Un certain nombre de gouvernements provinciaux songent à mettre en place des programmes de revenu de base (RB) pour remplacer les programmes d’aide sociale et autres programmes de soutien du revenu. Le Québec, l’Île-du-Prince-Édouard et les maires de plusieurs villes se sont montré intéressés. Mais c’est l’Ontario qui est le plus avancé dans ce dossier. La province est en train de concevoir un projet pilote qui devrait se concrétiser cette année. Toutefois, le projet pilote, ainsi que les modèles de RB actuels, comportent de graves lacunes.
Le but du projet pilote est de « voir si un revenu de base serait une manière plus efficiente de fournir un soutien du revenu, de renforcer la participation active à la main-d’œuvre et de réaliser des économies dans d’autres domaines, comme les soutiens à la santé et au logement ». On veut améliorer modestement les transferts d’argent aux bénéficiaires de l’aide sociale, réduire les coûts administratifs et, en fin de compte, réduire les dépenses consacrées aux services publics.
Il faut bien sûr de toute urgence améliorer les revenus des bénéficiaires de l’aide sociale. En 1995, le gouvernement ontarien a sabré les taux de l’aide sociale de 21,6 %. Depuis, les hausses accordées n’ont pas suivi l’inflation. Il faudrait une hausse immédiate de 58 % pour restaurer le pouvoir d’achat à ses niveaux d’avant 1995. Beaucoup se demandent pourquoi l’Ontario entreprend un projet pilote de cinq ans au lieu d’améliorer les conditions de vie des bénéficiaires de l’aide sociale, notamment en augmentant les prestations qui sont à des taux ridiculement faibles. Le projet pilote sur le revenu de base peut sembler progressiste, mais, dans les faits, il détourne des ressources qui pourraient servir à des changements substantiels, en plus d’en retarder la réalisation.
Si la forme de revenu de base prévue en Ontario est mise en œuvre en tant que programme complet, les mots « prestation efficiente » voudront sans doute dire réduction des services et pertes d’emploi pour les travailleuses et travailleurs de l’aide sociale. Pour certains, il s’agit de convertir des services publics en simples transferts d’argent, en supposant que les gens pourront se procurer les services dont ils ont besoin sur le marché. Pour ces raisons et d’autres, le SCFP-Ontario est contre ce programme.
Quand on parle de « renforcer la participation à la main-d’œuvre », on veut dire qu’on s’attend à ce que les bénéficiaires de l’aide sociale se trouvent un emploi. Le problème? Il n’y a pas assez de travail pour tout le monde, car il y a eu diminution de la qualité des emplois. Pousser plus de gens dans le marché du travail sans créer plus d’emplois ne servira qu’à faire baisser les salaires.

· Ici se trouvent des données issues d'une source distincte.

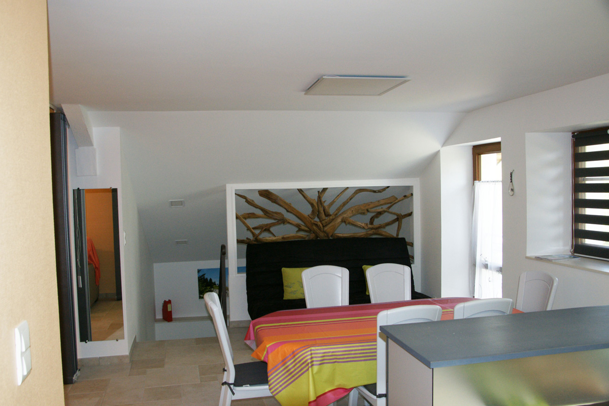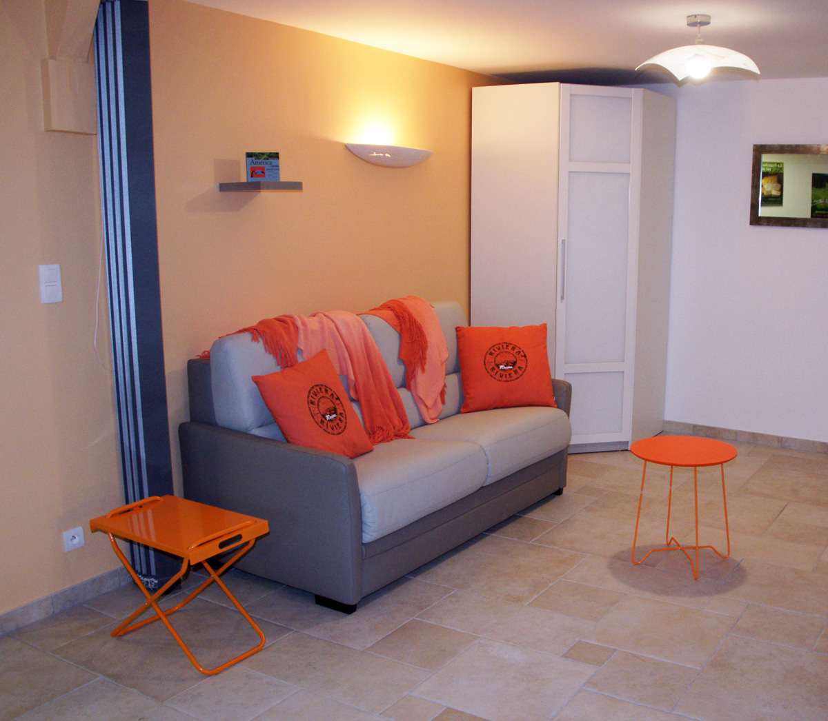 Couchage 1 lit 160X200 ou 2 lits 80X200, canapé convertible 2 places (140X190) et canapé clic clac. Lit bébé ou enfant et réhausseur à la demande.

Sans amélioration des normes de l’emploi et du travail, la tendance à la précarité de l’emploi s’accentuera en même temps que la concurrence pour les rares emplois accroîtra le pouvoir de négociation des employeurs.

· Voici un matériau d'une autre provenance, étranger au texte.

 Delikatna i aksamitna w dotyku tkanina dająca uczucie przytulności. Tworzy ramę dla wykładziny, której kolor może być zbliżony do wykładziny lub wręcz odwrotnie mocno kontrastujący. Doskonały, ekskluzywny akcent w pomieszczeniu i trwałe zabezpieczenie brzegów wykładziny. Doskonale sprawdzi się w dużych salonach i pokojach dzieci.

Il est important d’augmenter les taux de prestations d’aide sociale, mais cela ne suffit pas. Sans stratégie de plein emploi, sans de meilleures normes d’emploi et de solides services publics, la hausse des revenus de base ne pourra pas éliminer la pauvreté. Le marché privé ne nous donne pas tout ce dont nous avons besoin et il ne le fait certainement pas à un prix abordable pour tous. Pour mettre fin à la précarité et à la pauvreté, il faut d’abord des services publics solides qui soutiennent les personnes à faible revenu.